スマホのアラームが鳴ったので止めて準備を始める。

今日は依頼には行かずに国内の散策をしながらあの兄妹の元に行く予定だ。

朝食を済ませて宿を出るとすぐに国の中心部へと向かった。

ラテゼ魔工皇国の中心部には国内で起きた事件やお知らせを貼る掲示板があり、国内にいる人達はほぼ毎日その掲示板に立ち寄っている。

分かりやすく言うと前世での新聞が公の広間に貼られているようなものだ。

 

「さーて、何かあったかなぁ?」

 

掲示板を見ていく。

 

【各国行きの馬車運行状況】

 

【アイアンアント、増殖を確認】

 

【貴金属店にて窃盗、レッドルビーの仕業か!?】

 

【ダックベアの毛皮高額買取のお知らせ】

 

【パイプ破損につき、一部地域の蒸気止めのお知らせ】

 

…特に俺が気になる内容のは無かった。

それにしてもこの中心地はかなり活気に溢れている。

そりゃそうだ。

住宅エリアと産業エリアが交わる所なんだ。

煤や灰で汚れた作業着を着ている人、紙袋一杯に商品を詰め込んで歩いてる人、朝から発泡酒を飲んでいる人等様々だ。

 

「こういう異世界感あるのもいいねぇ」

 

アイルミロクのようなザ・異世界感溢れる街並みも良かったがラテゼ魔工皇国のような少し技術が進歩した街並みも中々いい。

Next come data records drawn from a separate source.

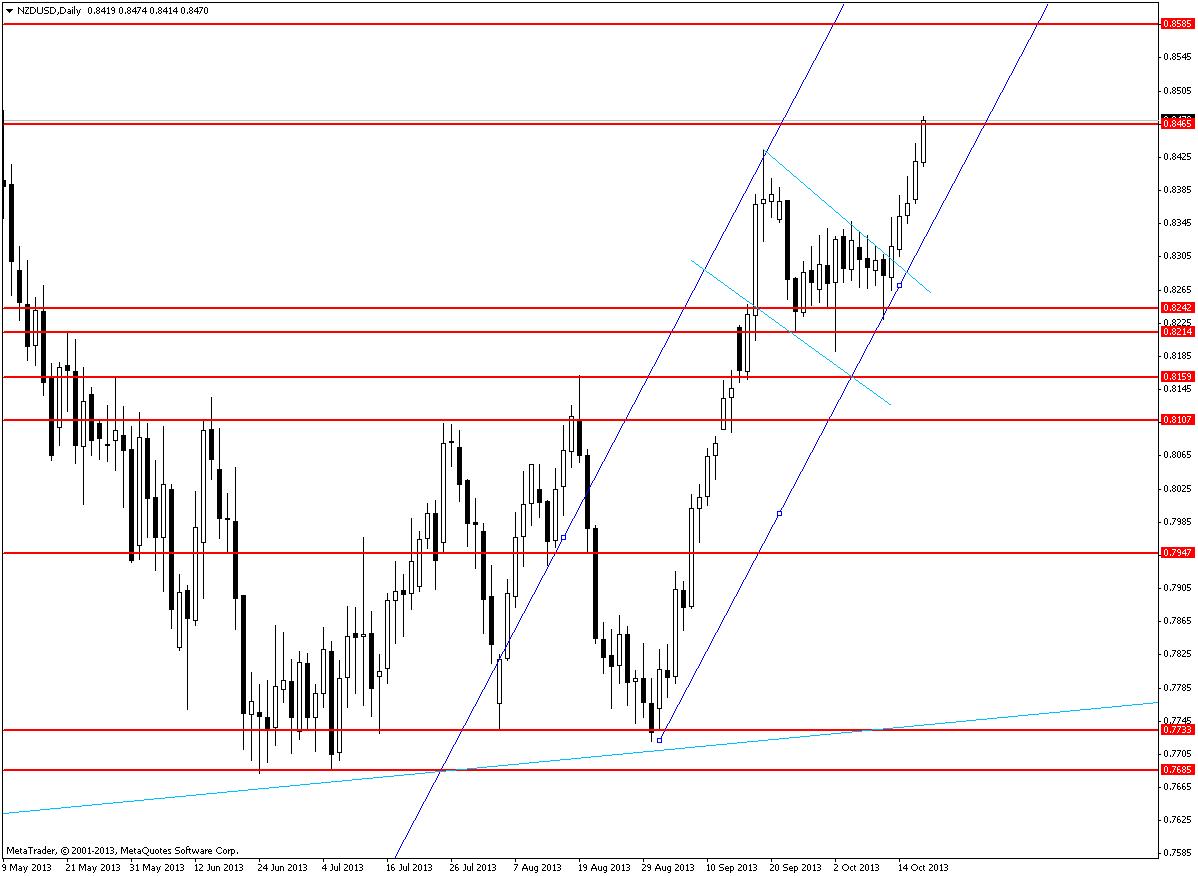 После долгого периода затишья пара NZDUSD пробила максимальные значения и продолжила активный рост. В данный момент цена пытается пробить уровень 0.8465, после чего, если цена закроется выше данного уровня, она устремиться к уровню 0.8585.
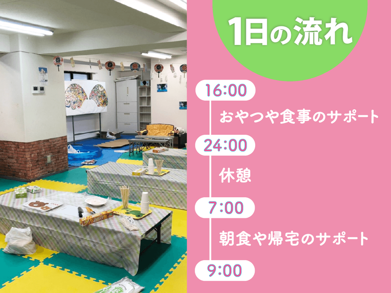 勤務時間詳細 実働時間:1日あたり11時間 平均勤務日数:1ヶ月あたり4日 〜 20日 16:00~33:00(翌9:00) ※0:00~6:00に休憩あり ✅週1日~勤務OK ✅実働11時間/休憩6時間 ✅残業ほぼなし
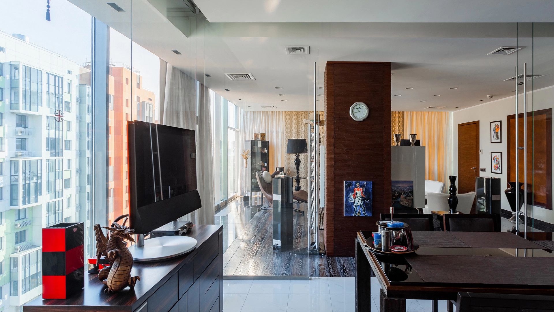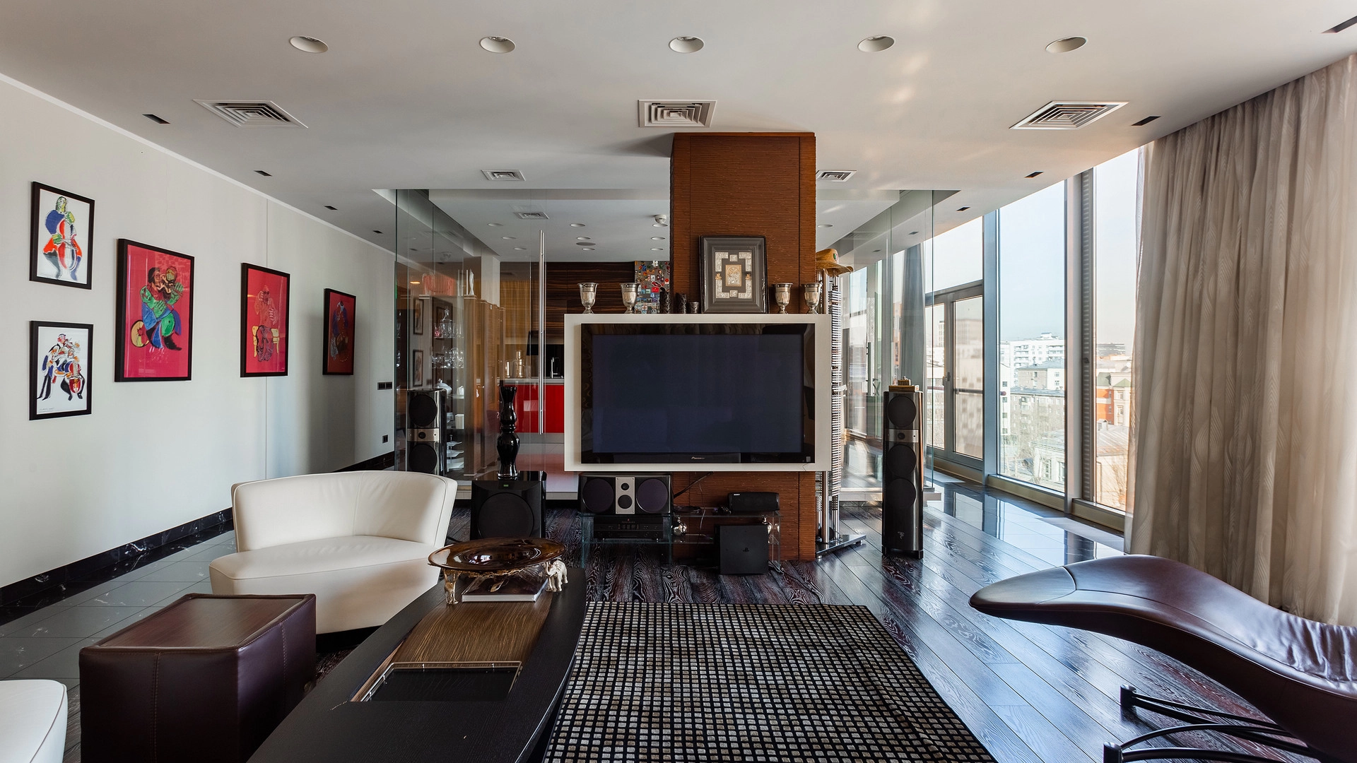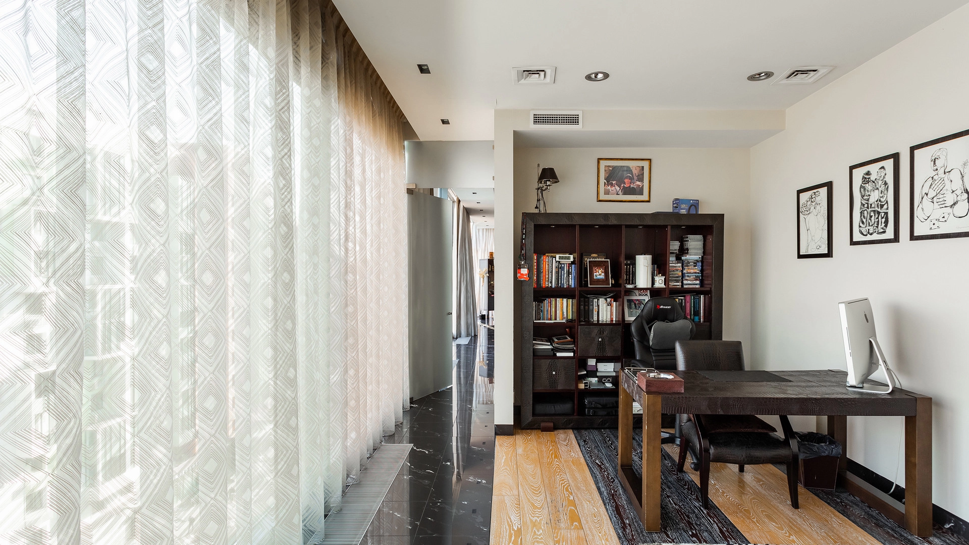Квартира с двумя спальнями площадью 178 м² в клубном доме «Панорама» на седьмом этаже. Интерьер оформлен в эклектичном стиле по авторскому дизайн-проекту. В отделке использованы натуральные материалы. Благодаря панорамному остеклению и высоким потолкам пространство наполнено светом. Из окон открывается вид на столичные крыши и Собор Непорочного Зачатия Пресвятой Девы Марии.

人々が行き交う様子を見た所で、散歩しながら俺は例の兄妹の様子を見に行く事にした。

 

 

◆◇◆◇◆◇

 

 

「さーて、受け入れてくれるかどうか…」

 

個人的にかなり不安だった。

けど彼等には既に2回会っている。

そしてその2回目はある程度敵では無い事を示せたはずだ…と思う。

兄妹がいる路地に着くといつものように妹が入口前で座り込んでいた。

俺がゆっくり近付くと妹も俺に気付き、怯える様子を見せながらもギュッと座る姿勢を強くした。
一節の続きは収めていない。